Opinion » Eco Logic

When 'everything right' is wrong



Thursday, Aug. 30 could have been a typical B.C. day of late: yet another disheartening announcement that a legal challenge to the embattled Trans Mountain Pipeline—perhaps by Burnaby, Vancouver, the province, First Nations—had been denied by the courts.

Instead, it was a surprise celebration that left many of us walking on air, lost in a Northern Gateway-redux fog of wanting to hand out flowers and hug fellow protestors and truth-defenders in gratitude. Certainly there were enough heroes to go around when the Federal Court of Appeal unanimously struck down the pipeline's approval for the very reasons a majority of coastal British Columbians had protested it since Day 1—a flawed National Energy Board (NEB) review and insufficient consultation with First Nations.
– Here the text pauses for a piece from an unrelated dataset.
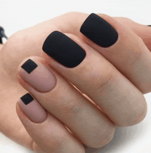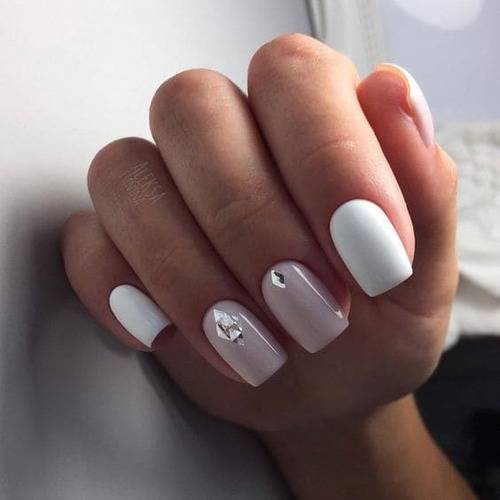 - Мягкий квадрат. Удачным решением в такой ситуации будет нюд и минимализм. Также можно нанести минималистичные узоры.

Of course, the announcement also brought forth the familiar cast of villains dishonestly shilling the pipeline, and suddenly blame was like candy on Halloween—everyone handing it out to everyone else. Alberta opposition leader Jason Kenney to Alberta Premier Rachel Notley and Prime Minister Justin Trudeau, Notley to Trudeau, Trudeau and Notley to Kenney and Stephen Harper.

Lost in this comic shuffle was the naked re-exposure of the hypocritical body politic this project has always been. Why, here were Trudeau, Finance Minister Bill Morneau and Rachel Notley falling over each other in efforts to insist the pipeline would still be built, while declaring they would examine the court ruling on consultation and try to fix it—overlooking that there's no such thing as "meaningful consultation" if the outcome is already decided.

Sadly, none of these pronouncements was more bafflegab-worthy that Notley's, who, in word and deed, has more or less averred that she has never been serious about anything except saving her soon-to-be-turfed political butt, signing onto a national climate plan only in exchange for a pipeline that completely obviates that plan, playing to Alberta's outrageous sense of energy entitlement.

In her address to the province Thursday night, Notley hung the court decision lei on the successive federal governments of Stephen Harper and Justin Trudeau. And while these cabals are surely responsible for specific systemic failures, she also absurdly added "Alberta has done everything right and we've been let down."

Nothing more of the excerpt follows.